A Novel Cecropin D-Derived Short Cationic Antimicrobial Peptide Exhibits Antibacterial Activity Against Wild-Type and Multidrug-Resistant Strains of Klebsiella pneumoniae and Pseudomonas aeruginosa. 一种新型天蝎素d衍生的短阳离子抗菌肽对肺炎克雷伯菌和铜绿假单胞菌的野生型和多重耐药菌株具有抗菌活性。

IF 2.6 4区生物学 Q4 EVOLUTIONARY BIOLOGY

Evolutionary Bioinformatics

Pub Date : 2020-06-26 eCollection Date: 2020-01-01 DOI: 10.1177/1176934320936266

Iván Darío Ocampo-Ibáñez, Yamil Liscano, Sandra Patricia Rivera-Sánchez, José Oñate-Garzón, Ashley Dayan Lugo-Guevara, Liliana Janeth Flórez-Elvira, Maria Cristina Lesmes

Infections caused by multidrug-resistant (MDR) Pseudomonas aeruginosa and Klebsiella pneumoniae are a serious worldwide public health concern due to the ineffectiveness of empirical antibiotic therapy. Therefore, research and the development of new antibiotic alternatives are urgently needed to control these bacteria. The use of cationic antimicrobial peptides (CAMPs) is a promising candidate alternative therapeutic strategy to antibiotics because they exhibit antibacterial activity against both antibiotic susceptible and MDR strains. In this study, we aimed to investigate the in vitro antibacterial effect of a short synthetic CAMP derived from the ΔM2 analog of Cec D-like (CAMP-CecD) against clinical isolates of K pneumoniae (n = 30) and P aeruginosa (n = 30), as well as its hemolytic activity. Minimal inhibitory concentrations (MICs) and minimal bactericidal concentrations (MBCs) of CAMP-CecD against wild-type and MDR strains were determined by the broth microdilution test. In addition, an in silico molecular dynamic simulation was performed to predict the interaction between CAMP-CecD and membrane models of K pneumoniae and P aeruginosa.
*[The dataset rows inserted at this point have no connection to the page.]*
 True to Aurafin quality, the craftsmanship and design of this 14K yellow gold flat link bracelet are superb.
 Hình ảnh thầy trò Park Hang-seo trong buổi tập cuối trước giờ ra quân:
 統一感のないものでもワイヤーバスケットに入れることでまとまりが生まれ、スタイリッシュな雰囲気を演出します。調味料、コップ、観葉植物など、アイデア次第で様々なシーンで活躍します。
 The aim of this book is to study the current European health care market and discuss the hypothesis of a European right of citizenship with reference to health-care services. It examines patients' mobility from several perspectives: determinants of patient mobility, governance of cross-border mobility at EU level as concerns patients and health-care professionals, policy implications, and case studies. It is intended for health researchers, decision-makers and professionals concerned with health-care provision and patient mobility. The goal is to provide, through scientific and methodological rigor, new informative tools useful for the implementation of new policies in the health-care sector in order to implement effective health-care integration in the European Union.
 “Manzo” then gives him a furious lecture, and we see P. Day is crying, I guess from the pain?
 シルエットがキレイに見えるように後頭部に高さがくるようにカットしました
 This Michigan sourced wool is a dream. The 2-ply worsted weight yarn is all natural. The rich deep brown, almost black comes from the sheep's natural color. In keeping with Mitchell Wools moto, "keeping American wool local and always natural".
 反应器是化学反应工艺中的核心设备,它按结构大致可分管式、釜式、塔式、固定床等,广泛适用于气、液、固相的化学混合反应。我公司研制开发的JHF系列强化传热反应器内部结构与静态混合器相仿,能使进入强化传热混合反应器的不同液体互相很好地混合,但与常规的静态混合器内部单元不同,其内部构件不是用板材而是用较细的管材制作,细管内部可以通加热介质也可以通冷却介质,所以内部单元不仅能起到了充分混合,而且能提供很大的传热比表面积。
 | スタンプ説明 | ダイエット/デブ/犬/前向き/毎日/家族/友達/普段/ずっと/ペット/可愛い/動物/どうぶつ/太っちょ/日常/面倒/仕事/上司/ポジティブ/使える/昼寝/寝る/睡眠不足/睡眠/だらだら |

The results revealed a bactericidal effect of CAMP-CecD against both wild-type and resistant strains, but MDR P aeruginosa showed higher susceptibility to this peptide with MIC values between 32 and >256 μg/mL. CAMP-CecD showed higher stability in the P aeruginosa membrane model compared with the K pneumoniae model due to the greater number of noncovalent interactions with phospholipid 1-Palmitoyl-2-oleyl-sn-glycero-3-(phospho-rac-(1-glycerol)) (POPG). This may be related to the boosted effectiveness of the peptide against P aeruginosa clinical isolates. Given the antibacterial activity of CAMP-CecD against wild-type and MDR clinical isolates of P aeruginosa and K pneumoniae and its nonhemolytic effects on human erythrocytes, CAMP-CecD may be a promising alternative to conventional antibiotics.
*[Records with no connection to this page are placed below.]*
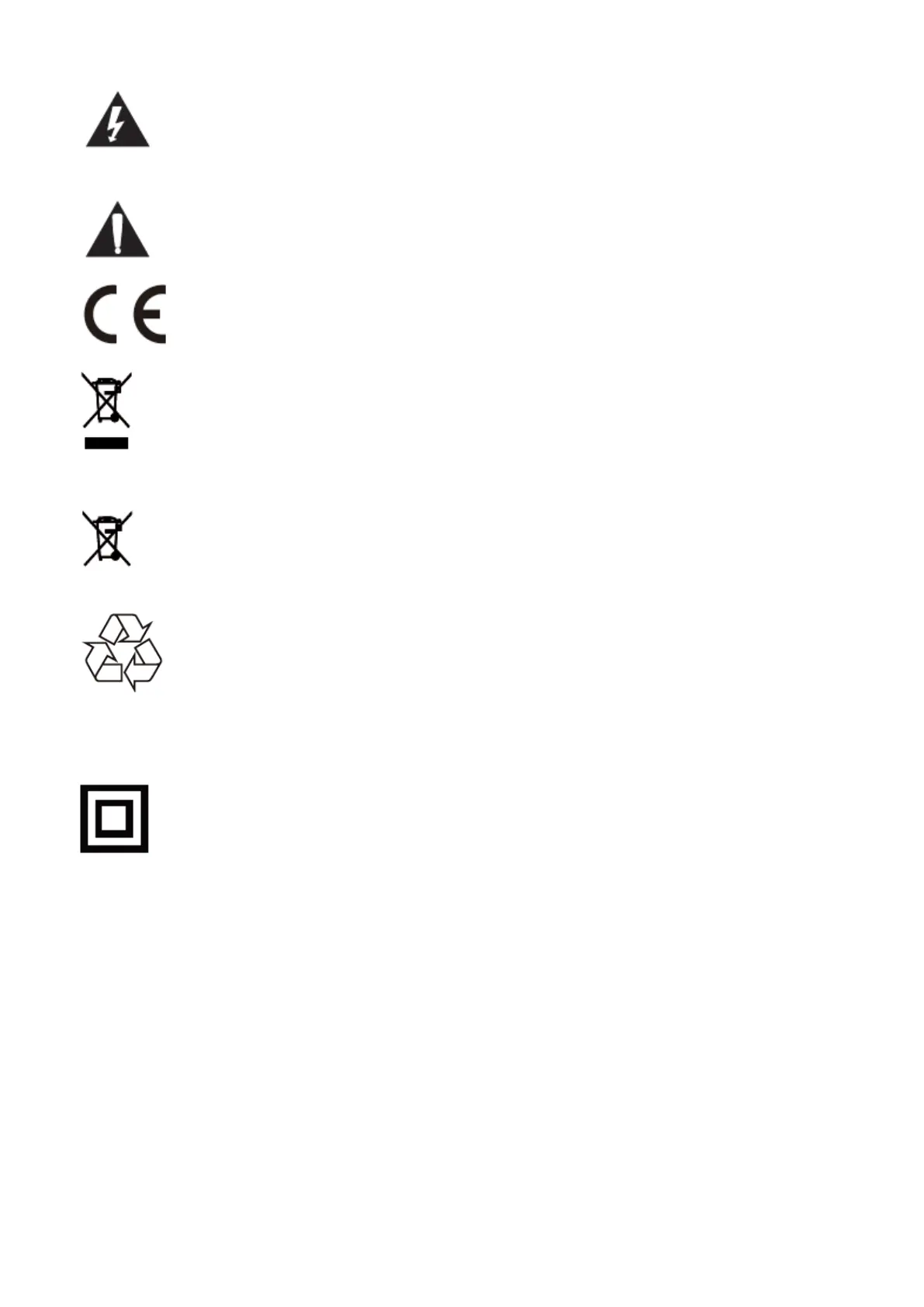 Dieses Symbol bedeutet, dass das Gerät doppelt isoliert ist. Eine Erdung ist nicht erforderlich.
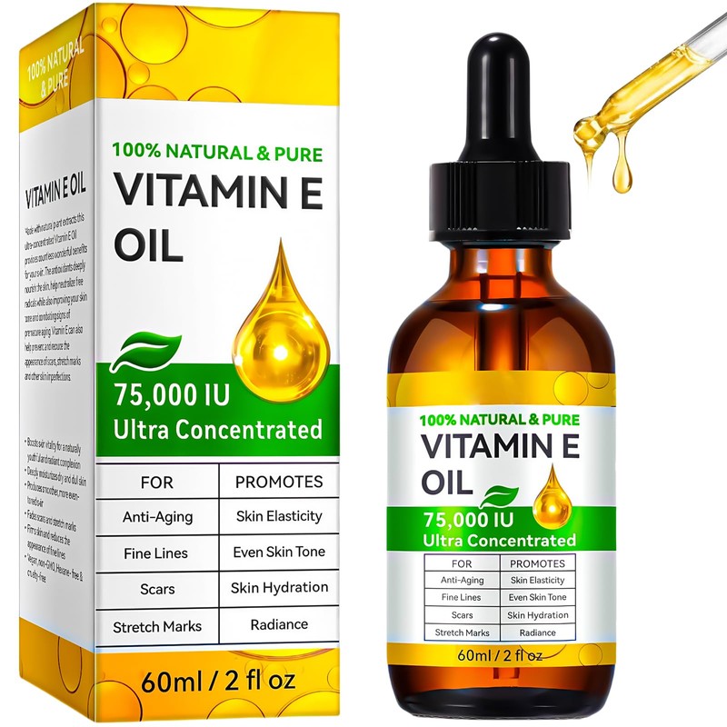 - Vitamin E benefits: Vitamin E oil serves as an anti-aging agent. helping to neutralize free radicals that cause oxidative stress, improving fine lines, wrinkles, and age spots for a more youthful complexion
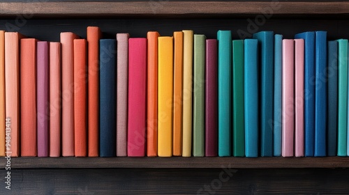 Naklejka premium A vibrant collection of colorful books lined up neatly on a dark wooden bookshelf, creating a visually appealing and cheerful display of literature and order.
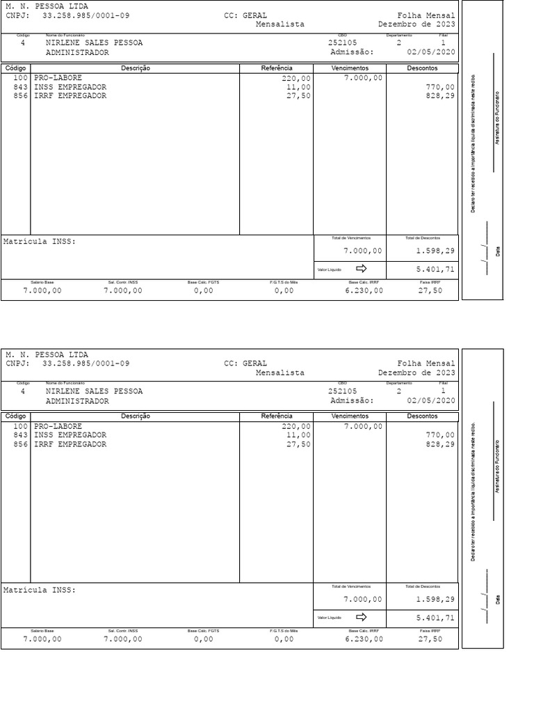 CNPJ: 33.258.985/0001-09 CC: GERAL Folha Mensal
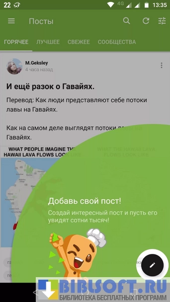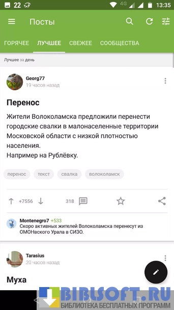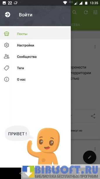 После запуска приложение отображает самые актуальные посты на текущее время с предложением поделиться новостью. Клиент сайта предлагает войти в учётную запись или зарегистрировать нового пользователя, т.к писать на ресурсе анонимно нельзя. Для чтения и просмотра постов этого не требуется. Авторизованным пользователям доступен личный кабинет, возможность комментировать посты, просматривать личную ленту и добавлять в игнор-лист непонравившиеся посты, людей или определённые теги.
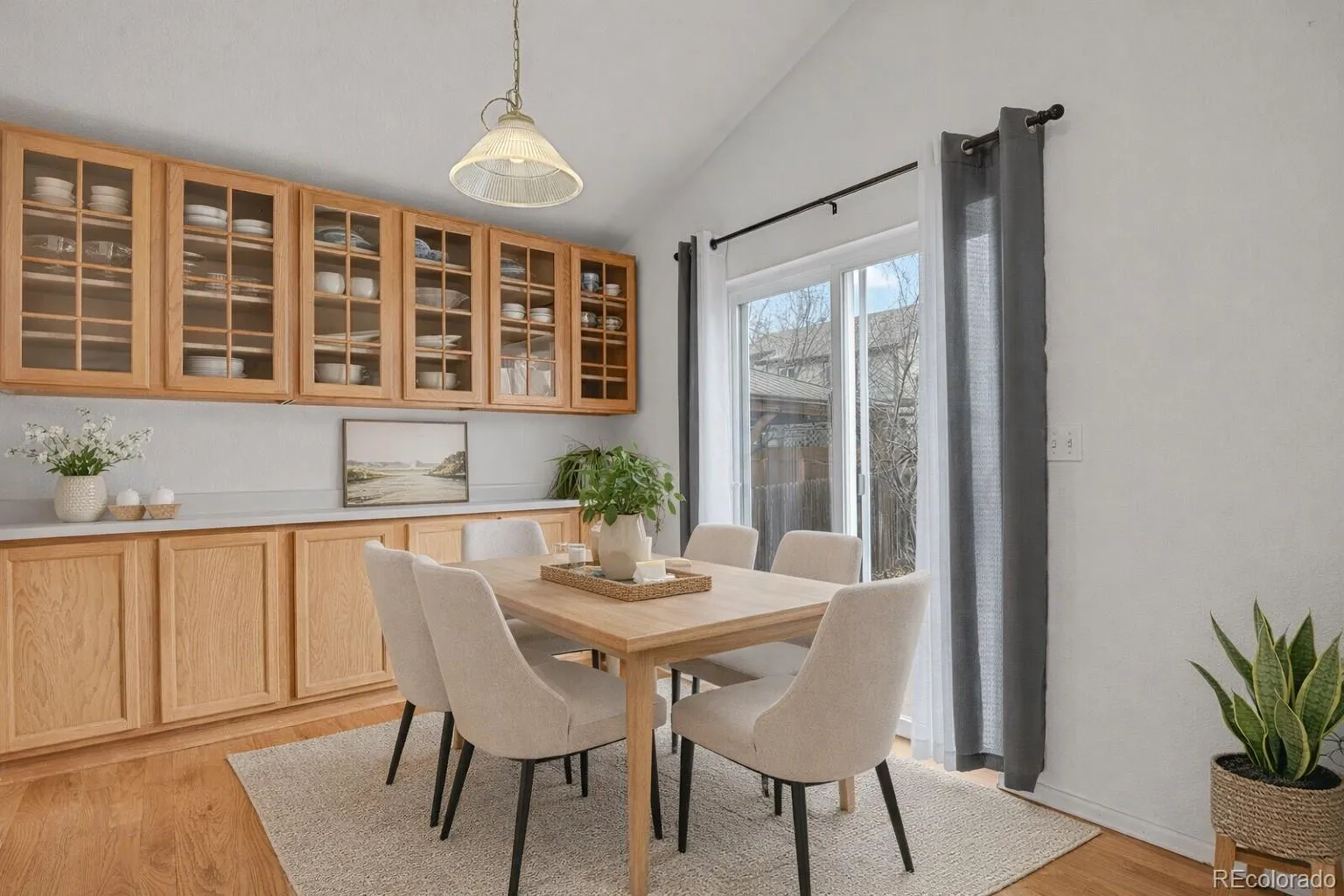 The main level features hardwood floors, abundant natural light, and an open-concept layout connecting the living, dining, and kitchen spaces. The kitchen offers ample cabinetry, generous counter space, stainless steel appliances, and room for an everyday dining table, in addition to a separate dining room. Sliding glass doors open to the backyard and concrete patio, creating easy indoor-outdoor living.
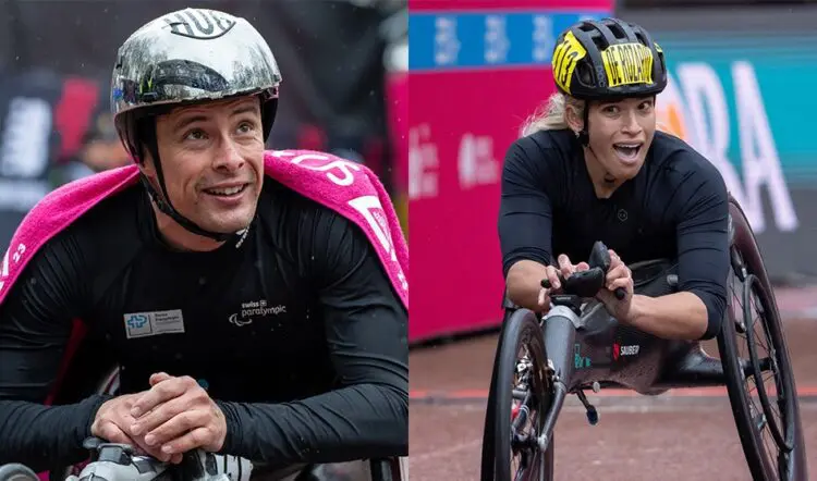 Wheelchair women: 1 M De Rozario (Australia) 1:38:51; 2 M Schar (Switzerland) 1:38:52; 3 C Debrunner (Switzerland) 1:38:54; 4 S Scaroni (United States) 1:38:57; 5 W Tsuchida (Japan) 1:47:40; 6 A Rocha (Brazil) 1:47:41; 7 E Rainbow-Cooper (Weir Arc) 1:47:43; 8 J Fesemyer (United States) 1:47:43; 9 T Kina (Japan) 1:47:48; 10 M Menje (Germany) 1:51:31

多药耐药(MDR)铜绿假单胞菌和肺炎克雷伯菌引起的感染是一个严重的全球公共卫生问题，由于经验抗生素治疗无效。因此，迫切需要研究和开发新的抗生素替代品来控制这些细菌。使用阳离子抗菌肽(camp)是一种很有前途的替代抗生素治疗策略，因为它们对抗生素敏感和耐多药菌株都具有抗菌活性。在这项研究中，我们旨在研究由ΔM2类似物Cec D-like衍生的短合成CAMP (CAMP- ecd)对临床分离的肺炎K菌(n = 30)和铜绿假单胞菌(n = 30)的体外抗菌作用及其溶血活性。通过肉汤微量稀释试验测定camp - ced对野生型和耐多药菌株的最低抑菌浓度(mic)和最低杀菌浓度(MBCs)。此外，我们还进行了硅分子动力学模拟来预测camp - ced与肺炎K菌和铜绿假单胞菌膜模型之间的相互作用。结果表明，camp - ced对野生型和耐药菌株均有杀菌作用，但耐多药铜绿假单胞菌对该肽的敏感性较高，MIC值在32 ~ >256 μg/mL之间。与肺炎K菌模型相比，camp - ced在铜绿假单胞菌膜模型中表现出更高的稳定性，这是因为camp - ced与磷脂1-棕榈酰-2-油酯- cn -甘油-3-(磷酸-rac-(1-甘油))(POPG)的非共价相互作用数量更多。这可能与肽对铜绿假单胞菌临床分离株的增强有效性有关。鉴于camp - ced对铜绿假单胞菌和肺炎克雷伯菌野生型和耐多药临床分离株的抗菌活性及其对人红细胞的非溶血作用，camp - ced可能是传统抗生素的有希望的替代品。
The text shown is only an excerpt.